- **DATA SHOWN**:

--

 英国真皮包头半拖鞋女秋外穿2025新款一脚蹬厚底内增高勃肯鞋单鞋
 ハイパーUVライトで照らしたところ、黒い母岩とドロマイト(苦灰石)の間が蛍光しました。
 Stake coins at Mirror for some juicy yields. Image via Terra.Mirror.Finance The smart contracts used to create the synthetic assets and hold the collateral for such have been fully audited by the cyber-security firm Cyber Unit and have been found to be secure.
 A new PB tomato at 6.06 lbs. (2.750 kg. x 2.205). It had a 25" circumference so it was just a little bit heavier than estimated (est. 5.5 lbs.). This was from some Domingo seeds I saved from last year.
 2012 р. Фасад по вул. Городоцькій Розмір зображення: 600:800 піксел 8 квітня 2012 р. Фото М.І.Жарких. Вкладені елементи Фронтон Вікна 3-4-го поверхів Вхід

--

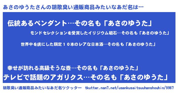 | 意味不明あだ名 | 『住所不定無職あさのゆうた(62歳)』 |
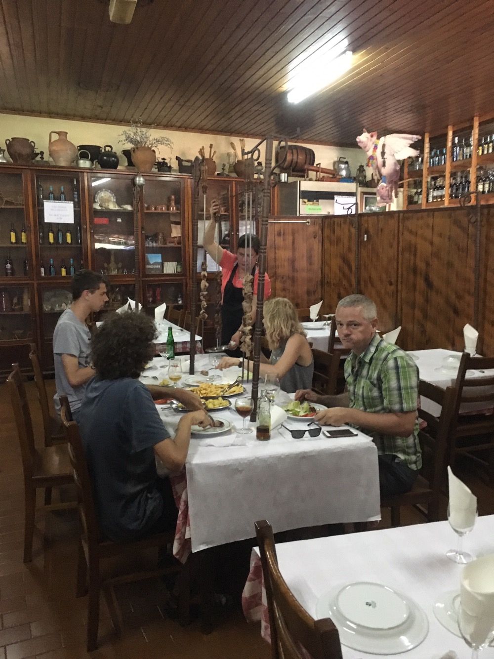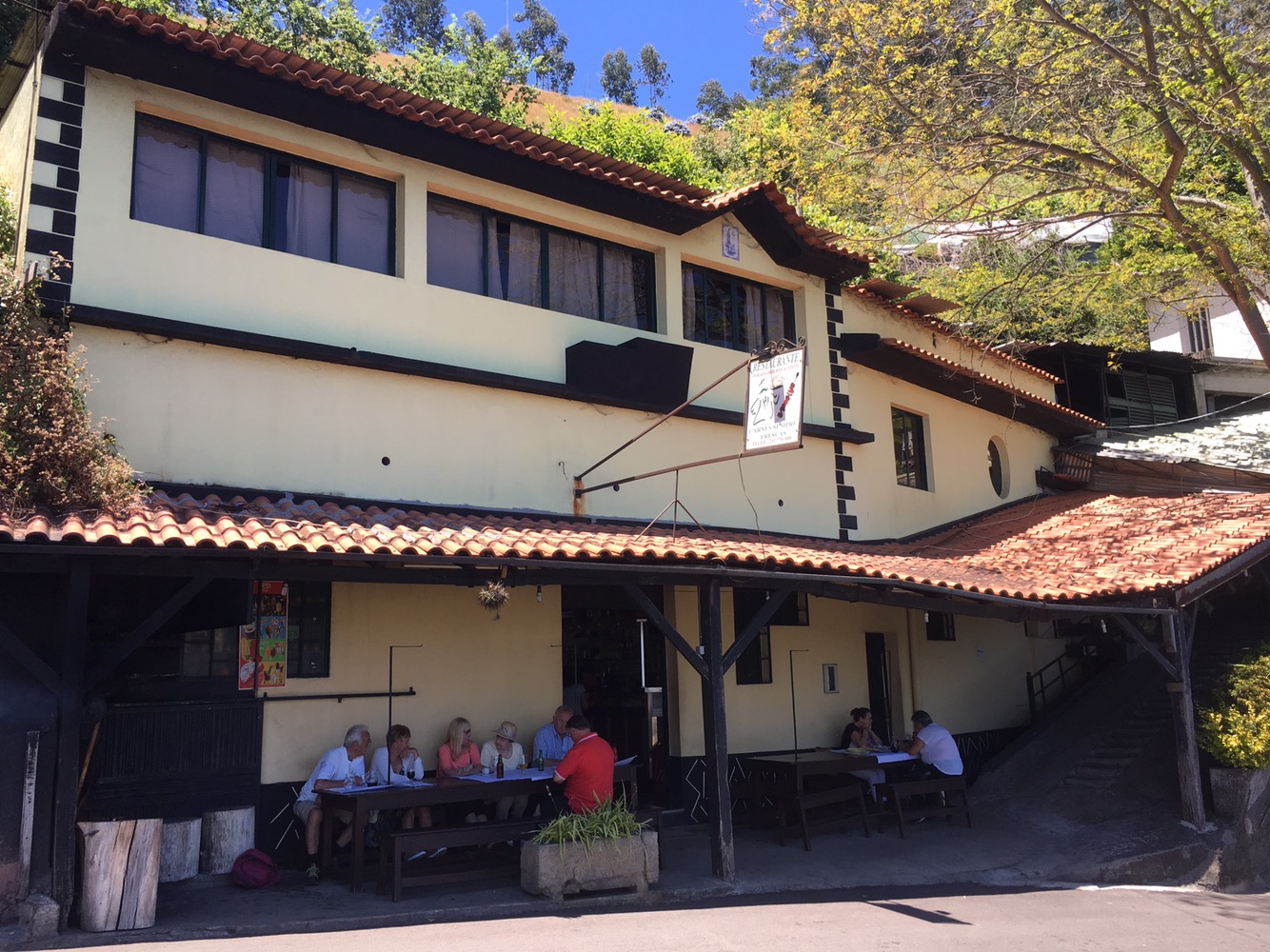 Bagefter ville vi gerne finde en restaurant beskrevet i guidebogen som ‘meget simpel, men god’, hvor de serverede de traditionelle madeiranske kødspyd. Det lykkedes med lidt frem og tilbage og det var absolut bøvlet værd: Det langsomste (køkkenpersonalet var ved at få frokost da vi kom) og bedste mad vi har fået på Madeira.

--

- **DESCRIPTION OF THE TASK**: Look above for lines with the word "some" and copy them all.

- **FINISHED EXERCISE**:
 Stake coins at Mirror for some juicy yields. Image via Terra.Mirror.Finance The smart contracts used to create the synthetic assets and hold the collateral for such have been fully audited by the cyber-security firm Cyber Unit and have been found to be secure.
 A new PB tomato at 6.06 lbs. (2.750 kg. x 2.205). It had a 25" circumference so it was just a little bit heavier than estimated (est. 5.5 lbs.). This was from some Domingo seeds I saved from last year.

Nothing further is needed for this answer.